One thing I like about the book – apart from her writing, as skilled as ever – is that some of the story concerns the protagonist, Cath's, job: a bad fit which she takes only because illness is expensive and she needs the income. Jennings acknowledges that, even though her husband's illness is the most important thing in Cath's life, it's not the whole of her life. Other practicalities must be lived and dealt with too, around the edges of that central fact, becoming important in themselves. We don't and can't exist in a vacuum.


I also like the renewed realisation this book gave me that Andrew and I got off lightly. Cath's husband gets much sicker than Andrew ever did, and takes seven years to die instead of two. I'm thankful all over again. At the same time I recognise many of the things that befall Cath and her husband, and I know very well from first-hand experience that the author is restrained in conveying the harrowing details. She doesn't dwell on things which I know (from what she does say) would have happened – repeatedly.
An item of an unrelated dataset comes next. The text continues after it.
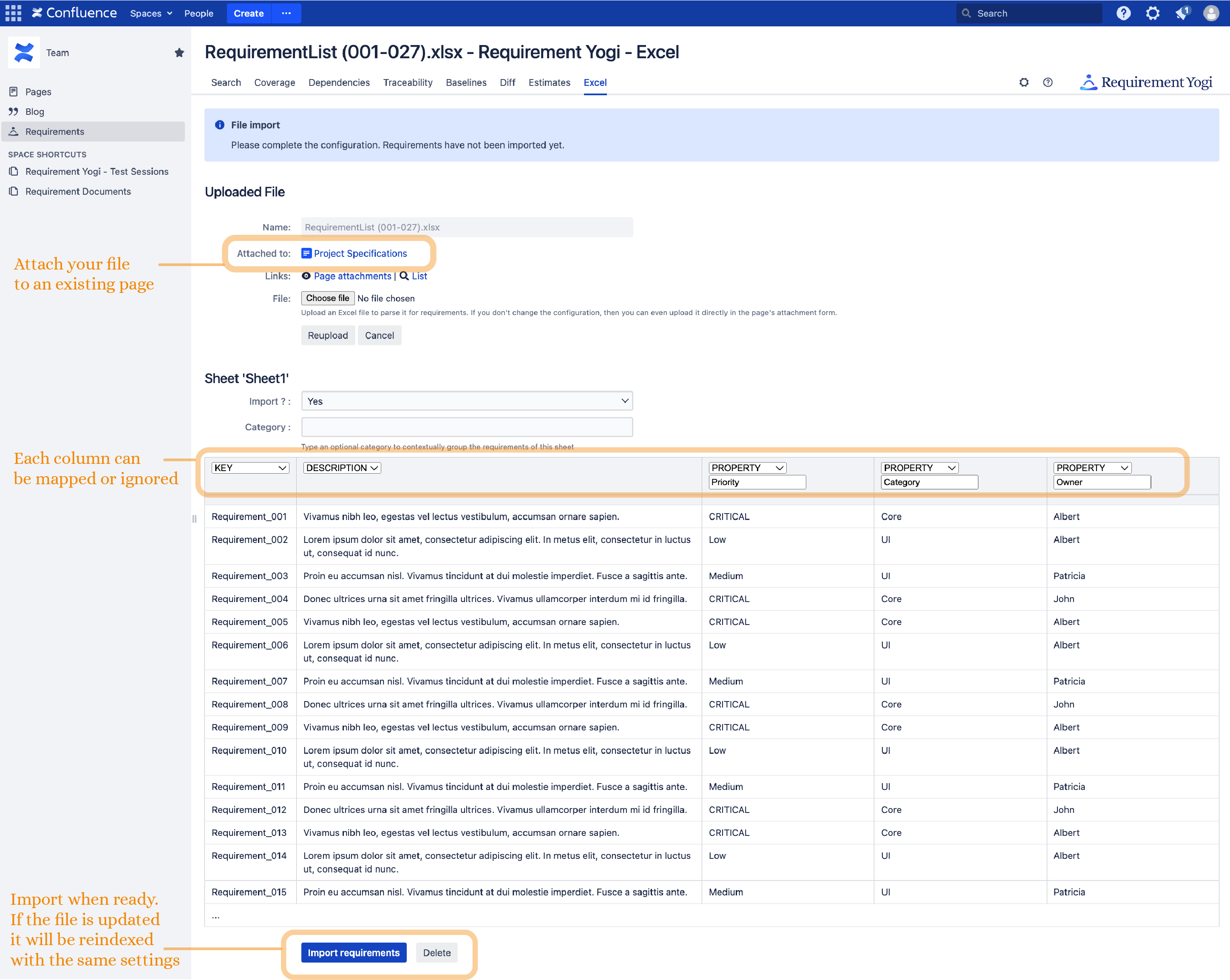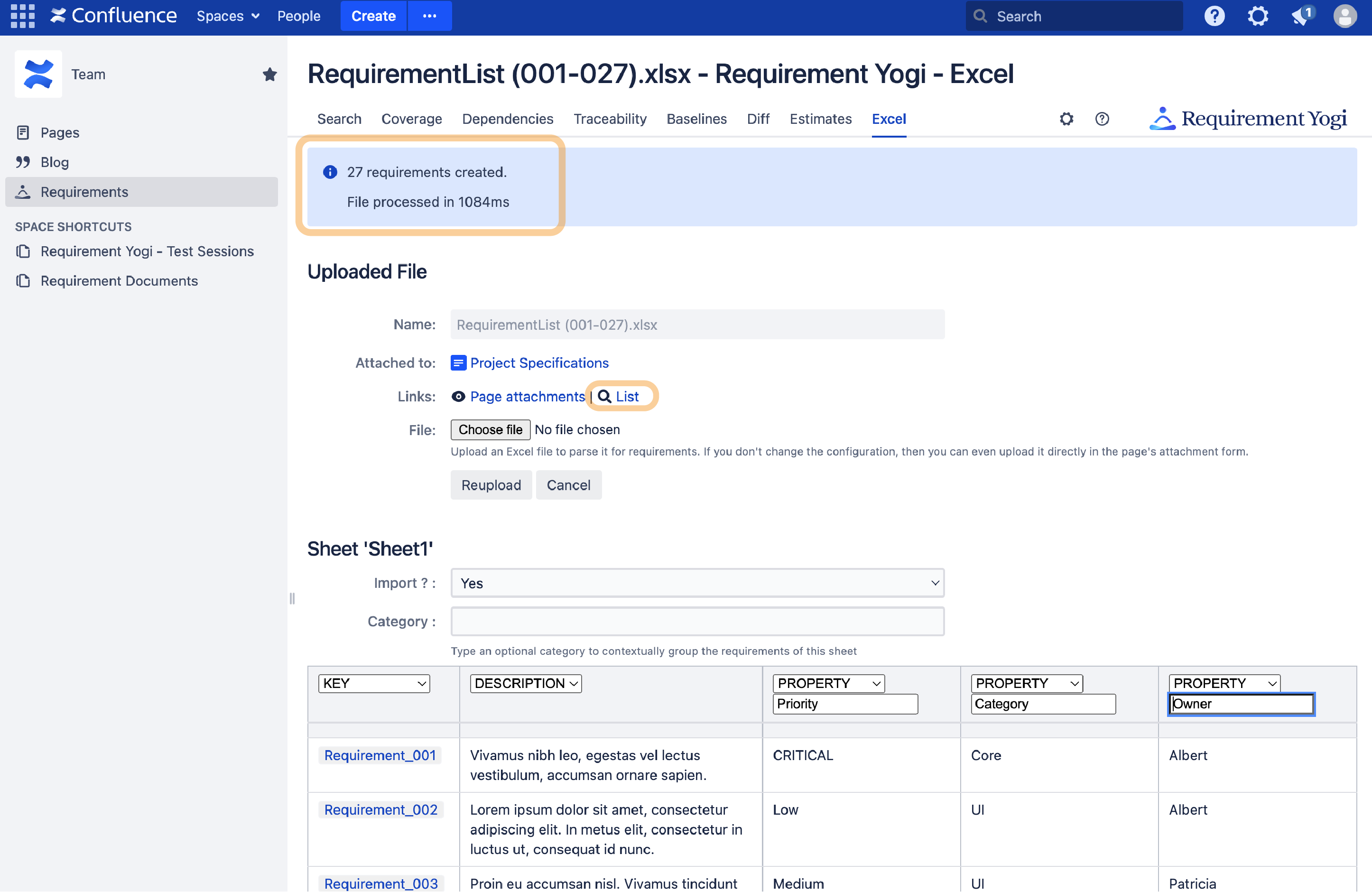 This feature is designed to help you import requirements from other systems. Attach the file to a page, configure the import configuration, click "Import" and they're uploaded.

So I'm actually glad I read it. For sure I would not have kept on reading if I hadn't wanted to. (I am still not planning on reading anything more on this topic!) The characters come across as real, which of course they are, and Cath and her husband are engaging. I like her 'voice'. 
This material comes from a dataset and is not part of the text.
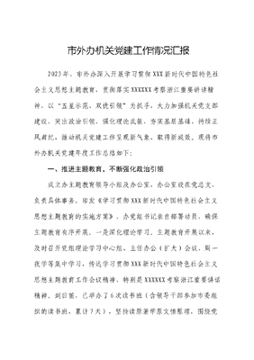 市外办机关党建工作情况汇报2023年,市外办深入开展学习贯彻XXX新时代中国特色社会主义思想主题教育,贯彻落实XXXXXX考察浙江重要讲话精神,以五星示范、双优引领为抓手,大力加强机关党支部建设,突出政治引领,强化理论武装,夯实基层基础,持续正风肃纪,推动机关党建工作呈现新气象、取得新成效。现将市外办机关党建年度工作总结如下:一、推进主题教育,不断强化政治引领成立办主题教育领导小组及办公室,办公室设在党总支,负责具体事务。印发《学习贯彻XXX新时代中国特色社会主义思想主题教育的实施方案》,办党组书记亲自部署动员,确保主题教育有序开展。一是深化理论学习。主题教育开展以来,及时召开党组理论学习中心组、主任办公(扩大)会议、周一夜学等集中学习,传达学习贯彻XXX新时代中国特色社会主义思想主题教育工作会议精神,特别是XXXXXX考察浙江重要讲话精神。到目前,已举办了6次读书班(含领导干部参加市委组织的读书班,累计7天),坚持读原著学原文悟原理,围绕党的XXX报告、党章、《XXXXXX著作选读》《XXX新时代中国特色社会主义思想专题摘编》等内容,溯源学习XXXXXX在浙江工作期间提出的外事三大品牌和关于外事工作的重要指示批示精神,用好《XXX外交思想学习纲要》《XXXXXX外交演讲集》(第一、二卷)等与外事工作紧密相关的特色教材,推动党员干部在重温XXXXXX重要论述中体悟新思想的真理内核。班子成员上党课4次,机关党支部书记上党课2次。二是大兴调查研究。按照上级要求,特别是围绕XXXXXX在浙江考察时的重要讲话精神,结合地方外事工作面临的新形势和新任务,结合服务保障我市三个一号工程,结合具体工作中如何防范政治风险、拓展五个外事工作内容等,办领导每人领题,撰写调研课题5个。11月27日,召开主题教育调研成果交流会。三是奋力推动发展。全力保障亚运。认真履行市亚运会外事礼宾组牵头单位职责,成立市外办亚运工作专班,形成一办三组工作架构,梳理综合协调、礼宾保障、应急处突、住宿点保障等四大服务场景任务清单。加快走出去步子。锚定集成电路、生物医药、高端制造等领域,简化经贸类出访审批程文可居文库——海量学习资料,手机电脑均可下载www.wenkeju.com序,服务团组走得快走得顺。截止11月底,全市共审批各类因公出访团组129批478人,助力对接经贸项目200余个,出访成效显著。加大引进来力度。创新举办2023*(上海)国际推介会,是我市境内举办的首届国际推介会,邀请20余个国家外国驻沪总领事、7家外国驻华机构商务代表、香港特区驻沪办以及在沪越商代表、涉外企业代表共120人参加,重点推介我市会展业、投资环境以及古城保护利用情况,展示城市发展新貌,吸引国际目光。今年以来,接待来访团组20批近200人次。四是深入检视整改。结合我办工作实际,针对深入基层调研反映出的问题进行梳理,形成了APEC商务旅行卡办理难、与外国驻沪总领馆交流不够、与国际友城交往不顺畅等3个具体问题,制定问题清单,明确整改措施、时限和责任人。深化政治检视、党性体检开展检视整改,坚持边学习、边对照、边检视、边整改。到12月,3个具体问题已经销号。二、强化政治建设,履行党建主体责任一是坚持正确的政治方向。在党组会议上研究部署2023年全面从严治党和党风廉政建设工作、2023年机关党建工作及文可居文库——海量学习资料,手机电脑均可下载www.wenkeju.com2023年意识形态工作等。二是发挥关键少数作用。深入实施三级书记抓党建工作责任清单,切实扛起抓好基层党建的责任担当,认真落实各级党组织第一责任人的主体责任,指导督促基层党组织履行党建主体责任,层层传导责任,层层压实责任。三是联合市公安局出入境管理局、X文理学院和浙江越秀外国语学院等单位打造涉外服务党建联建品牌,以机关党组织为主体探索建立多跨组团式党建联建,推动联建单位组织共建、资源共享、活动共办、发展共促、品牌共塑,更好共同服务在绍外国人。四是及时调整基层组织力量。因办领导调整,办党总支及时向机关工委报告,调整了总支书记。三、突出工作重点,加强基层组织建设一是做好三会一课工作。定期召开支部党员大会、支委会,办领导每人都给大家上了一堂党课,2位党支部书记也上了党课。6月26日,办主要领导上《学思践悟XXX外交思想、推动外事工作成为我市对外开放的重要抓手》的党课。二是认真组织每月主题党日活动。如,2月6日,召开廉政专题教文可居文库——海量学习资料,手机电脑均可下载www.wenkeju.com育主题党日活动;4月7日,赴湖州安吉,开展追寻XXXXXX足迹的主题党日活动;9月18日,开展作风建设专题教育主题党日活动;10月19日,开展循迹

I would call this book a fictionalised memoir. However, reading it as a novel allowed me not to go to pieces while doing so. 


And it's a good book.  


Post-Script:
It’s a very good book! (Which might also have something to do with the fact that I liked it.) After I wrote this post, I checked some of my facts on Wikipedia, and also learned:

'Jennings was awarded the Christina Stead Prize for fiction for Moral Hazard, which was also shortlisted for the 2003 Miles Franklin Award, the Los Angeles Times Fiction Prize, and the Tasmania Pacific Region Prize. Snake [an earlier novel] was a New York Times Notable Book of the Year, as was Moral Hazard.'


1 comment:

  1. Comments cross-posted from a different platform:

    satyapriya
    I do read a number of 'my child with autism' memoirs, mainly to see how they write it, as I'm doing my own memoir in sporadic bursts. But I don't read them for fun. The 'I cured my child' books are just tiresome. I feel like, I should call my book "I Didn't, He's Still Weird".
    I found the book 'The Rosie Project' an unamusing and rather hideous read, as it seems to use the Asperger's protagonist for laughs.
    Oh yes, Sheldon from 'The Big Bang Theory' is lots of fun, until you have to live with those less endearing aspects daily.
    Why do people think we will love books or movies that trigger us?

    Snaky, if I've ever sent you a wrong book, tell me to piss off.

    snakypoet
    You have NEVER sent me a wrong book!

    (Only, physically, you have to be careful with printed books that the font is not too small and/or faint for my eyesight. With an ebook, I can adjust it to suit. The last book you sent me is just fine, and in fact I think there has only ever been one that was a bit tricky in that respect. I make do with a magnifying glass if need be, but ebooks are a safer bet for me.)